Banner Image
Bushfire Victims Turn to the Law after Losses

Bushfire Victims Turn to the Law after Losses


Bushfire Victims Turn to the Law after Losses

Article by: Hari Yellina

Insurers dealing with claims following a devastating Wheatbelt firestorm in February have hired a law firm to pursue legal action on behalf of clients who lost millions of dollars in the blaze. It was “early days,” according to a spokesman from Hall & Wilcox legal firm, and investigations were “still being conducted to look into who might be accountable.” “We’ve enlisted the help of professionals, including bushfire experts, to investigate the source of the incident,” the spokesman said. The fire was accidental, according to the WA Department of Fire and Emergency Services (DFES), and originated when “an allowed stubble burn, conducted several days before the fire and then extinguished, rekindled in the catastrophic conditions,” according to Deputy Commissioner Craig Waters.

“The local government was within its rights to provide the burning permit to landholders because there was no absolute fire ban in force for the week leading up to the Shackleton [Corrigin] blaze,” Deputy Commissioner Waters said. On February 5 and 6, more than 100 other local governments in Washington implemented total fire bans. According to Corrigin farmer Steven Bolt, the Bruce Rock Shire was to blame since a farmer was issued a burning permission four days before the fire. “It’s just staggering for a permission to be obtained and for the landholder to execute it,” he remarked.

The Corrigin fire scorched 45,176 hectares of native bushland and farms, according to the Department of Forestry and Environmental Services. Four homes were destroyed, 44 non-residential buildings were damaged, and 30 more were damaged in the fire. The Department of Primary Industries and Regional Development in Western Australia has received reports of 1,000 animals died in the fire due to smoke inhalation or euthanasia for animal welfare reasons.
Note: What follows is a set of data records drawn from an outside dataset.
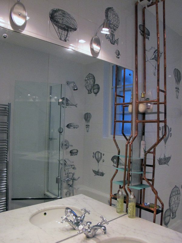 When Andre Rothblatt’s clients, a San Francisco couple in the tech industry, asked him to give their powder room steampunk style, he had to Google the word. But poring over images that he says “celebrate the industrial age of technology, like the steam locomotion, with a retro-future slant” appealed to him immediately. He quickly caught on and focused on four key elements: pipes, gears, gauges and a sense of humor, incorporating all into the powder room.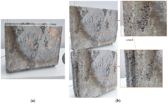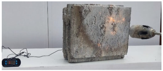 To assess the impact of direct fire exposure on the blocks, a series of tests were conducted, as depicted in Figure 8. The blocks were subjected to direct fire for approximately one hour. The primary objective of the test was to evaluate the block’s response when one side was exposed to fire. The results aim to determine whether the block can withstand the effects of fire and whether it exhibits heat transmission or resistance, as elaborated upon in the subsequent sections.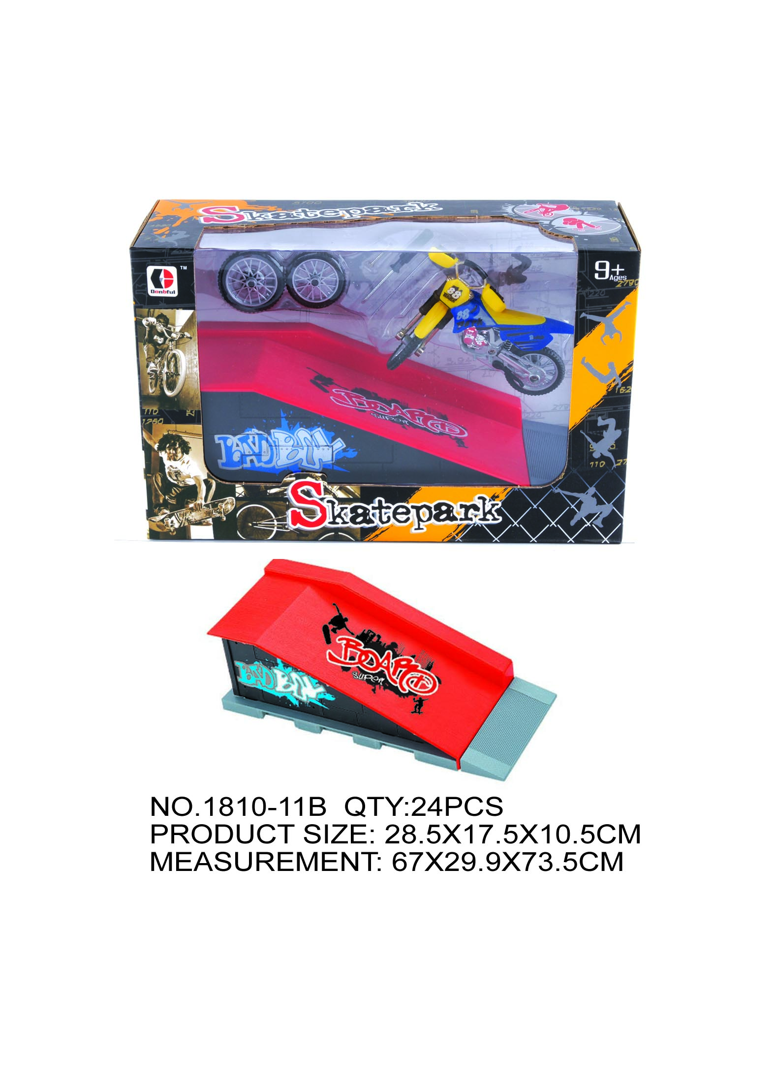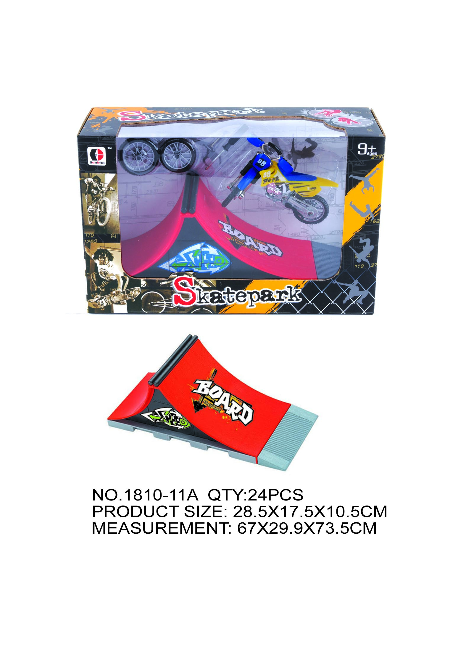 1810 Red Skate Ramp Skate Park Outdoor Sports Toy Set with Creative Design and Eco-friendly Material 64 Pcs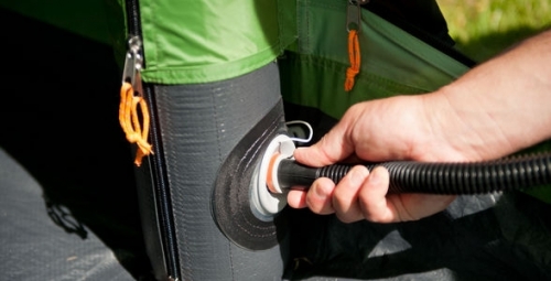 Revoluční technologie odolných nafukovacích stanů se stává realitou. Postavte rodinný stan Valdes 4 sami a během několika minut! Stačí jen nafouknout vysokotlaké vzduchové válce a můžete bydlet. Komfort ubytování dodávají nejmodernější technologie Blackout Bedrooms™ a vyklápěcí dveře na pantech.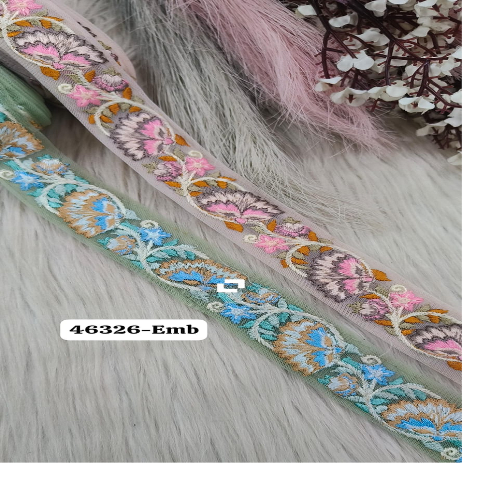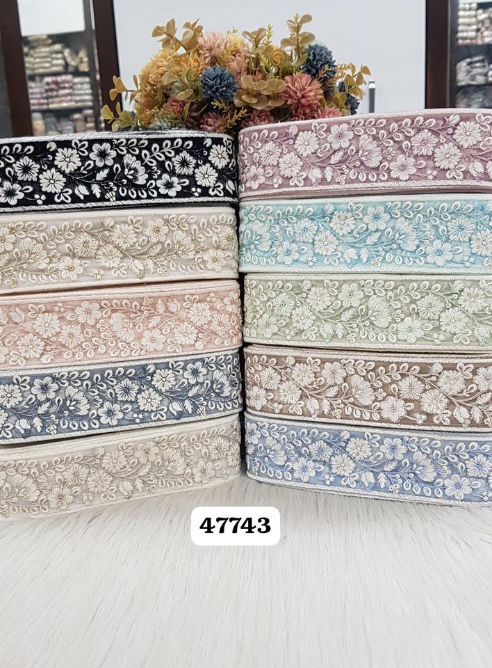 Custom made on net base fabric embroidered floral designed laces in 1 inch width in 2 colours for garment beautification.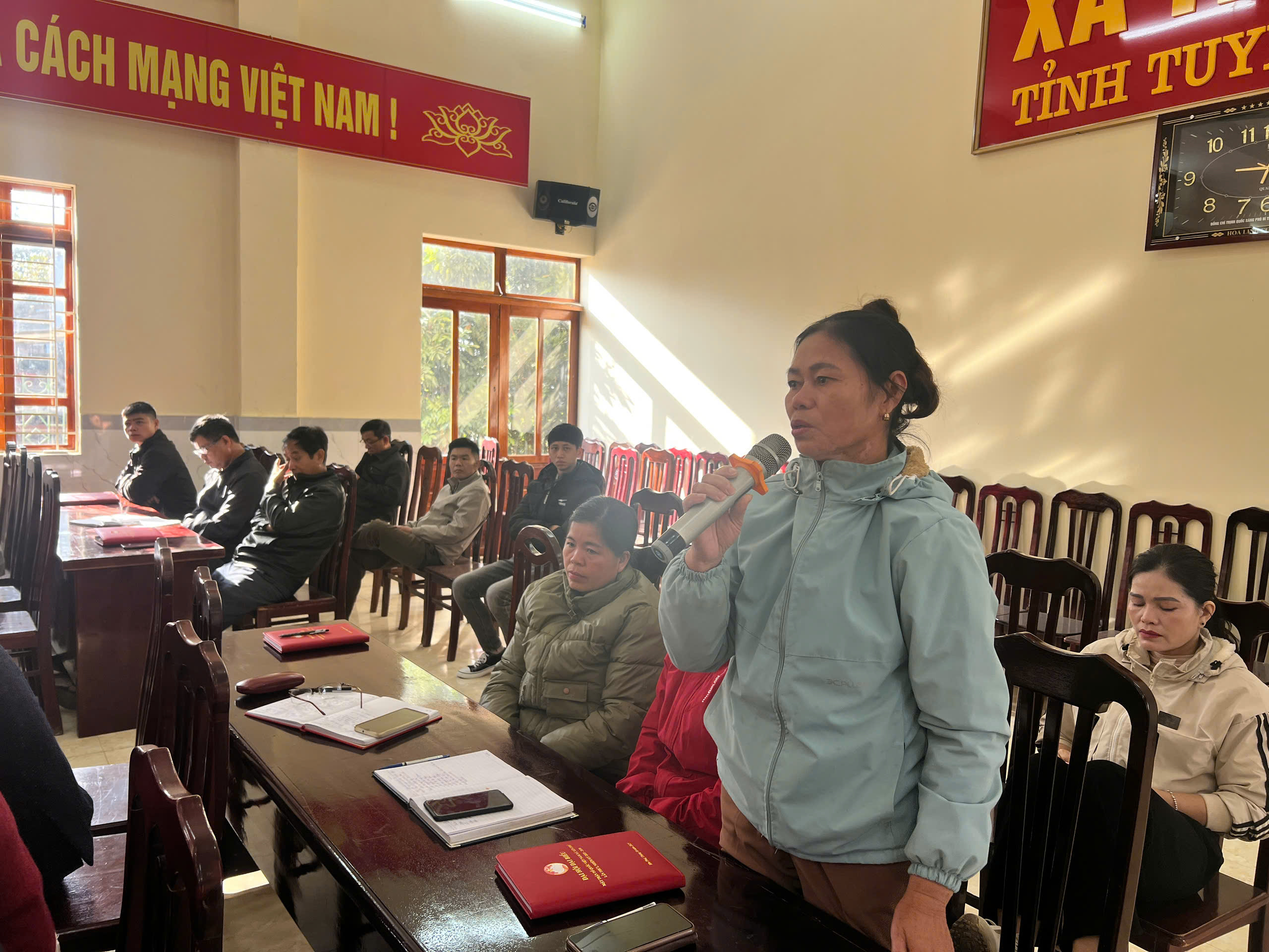 (đồng chí Nguyễn Thị Hồng Ngoan, Phó Bí thư Đảng ủy, Chủ tịch HĐND xã tiếp thu ý kiến, kiến nghị của cử tri)

Mr Bolt said, “We’ve lost a lot of infrastructure – five huge sheds and a lot of machinery.” “We lost our embryo donation ewes and display rams, who were housed in one of the sheds, which is rather significant.” He calculated that the loss to his company would be “certainly in the millions of dollars.”

Corrigin was one of four emergency-level fires that erupted in regional WA on the first weekend of February, when the state was hit by a 40-degree heat wave and strong winds. Mr Bolt stated, “The terrible weather conditions had [previously] been forecast.” “We knew the weather was going to be severe on Monday.” “By Wednesday, DFES had issued warnings of potentially disastrous conditions for the approaching weekend.” The lengthy dry period that preceded the WA fires, as well as the residual stubble from the record-breaking harvest of 2021, enhanced the speed and severity of the flames. Mr Bolt stated, “The 2021 season was the largest fuel load we’ve ever had out here.”

“From the end of October to the time of the fire, it had been one of the driest times on record.” “There hadn’t been a single drop of rain, and we’d completely cured all of that biomass.” “Four days before the incident, I phoned DFES to express my worry for that time period. Six planes dropped 60,000 gallons of water and retardant to put out the fire, while volunteer firefighters and DFES employees battled the inferno on the ground. “On Sunday, 10 areas in Western Australia had catastrophic fire hazard ratings – this is extremely exceptional and highlights the difficult situation for emergency services,” a DFES representative said. DFES “always” strived to learn from the fires it responded to, according to Mr Waters. However, the conditions on that weekend were catastrophic and emergency services did all they could to reduce the impact of the Wheatbelt fires.